▸ PROVIDED RECORDS:
----------

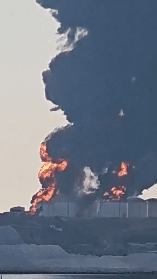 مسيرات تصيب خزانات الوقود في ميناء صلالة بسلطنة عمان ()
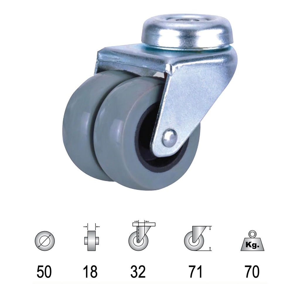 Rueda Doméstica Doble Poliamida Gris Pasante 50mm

----------

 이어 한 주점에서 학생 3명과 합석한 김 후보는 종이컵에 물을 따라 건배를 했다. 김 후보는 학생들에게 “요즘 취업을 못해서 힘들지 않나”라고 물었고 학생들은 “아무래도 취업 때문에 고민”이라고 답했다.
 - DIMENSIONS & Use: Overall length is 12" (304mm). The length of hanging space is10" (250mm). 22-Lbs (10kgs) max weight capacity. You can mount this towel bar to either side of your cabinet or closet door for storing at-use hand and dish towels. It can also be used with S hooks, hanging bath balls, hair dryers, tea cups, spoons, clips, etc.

----------

▸ TASK DIRECTIONS:
Would you copy, word for word, only the lines above from the one containing "مسيرات تصيب خزانات" through the one containing "Rueda Doméstica Doble", both included, and please leave out the pictures?

▸ FINAL ANSWER:
 مسيرات تصيب خزانات الوقود في ميناء صلالة بسلطنة عمان ()
 Rueda Doméstica Doble Poliamida Gris Pasante 50mm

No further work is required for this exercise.